= World Friendship Crusade =

International civil organization

World Friendship Crusade is an international civil organization that campaigns in favor of friendship as a way of fostering a culture of peace. Founded by Dr. Ramón Artemio Bracho in Puerto Pinasco, Paraguay in 1958, the World Friendship Crusade celebrates Friendship Day every July 30.

== World Friendship Crusade in Origin and Mission ==
On July 20, 1958, while out to dinner with friends in the town of Puerto Pinasco, Paraguay, Dr. Ramón Artemio Bracho proposed the idea of a World Friendship Day to his colleagues. On that night, the World Crusade of Friendship was founded, as an activist organization that would promote the idea of celebrating worldwide friendship on July 30. The organization lobbied the United Nations for many years, until finally, on July 27, 2011, the General Assembly of the United Nations assigned this date to celebrate the International Friendship Day.

== Friendship Day Traditions ==
"Día de la Amistad" is celebrated every July 30 in Paraguay, where it is a popular festivity in which it is custom among Paraguayans to salute and wish each other's happiness throughout the day, while also exchanging presents.

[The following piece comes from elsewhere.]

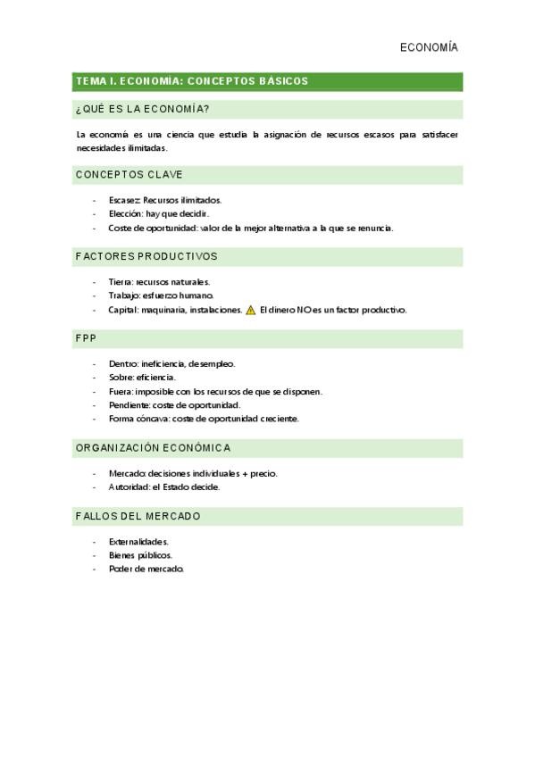 Resumen muy esquematizado de los temas 1 al 9 de economía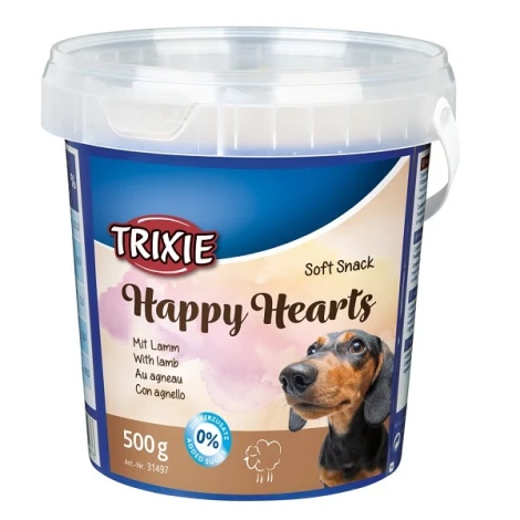 Soft Snack Happy Hearts - kýblik plný lahodných srdiečok! Odmeňte svojho maznáčika milou odmenou. Mäkká srdiečka s jahňacím mäsom a ryžou, bez pridaného cukru. Pochúťky sú v vedierka, ktorý opäť uzavriete a uchováte tak čerstvosť a chutnosť odmien. Obsah 500 g.

Another classic activity during this celebration, particularly among young students, but also among other general groups (coworkers, companies, civil organizations, etc.), is the game of the "invisible friend", which is a variation of the popular Secret Santa. One week before the celebration, participants are invited to write their names on a piece of paper and then, after scrambling all these pieces in a basket or container, retrieve one of the names, without revealing it to the others. Participants then become the "invisible friend" of the person on that piece of paper, and during the week before the celebration, they are invited to write anonymous small notes or letters to the person whose name they selected. On the day of the celebration, invisible friends bring presents to their friends, and one after the other, reveal their identities before giving their presents.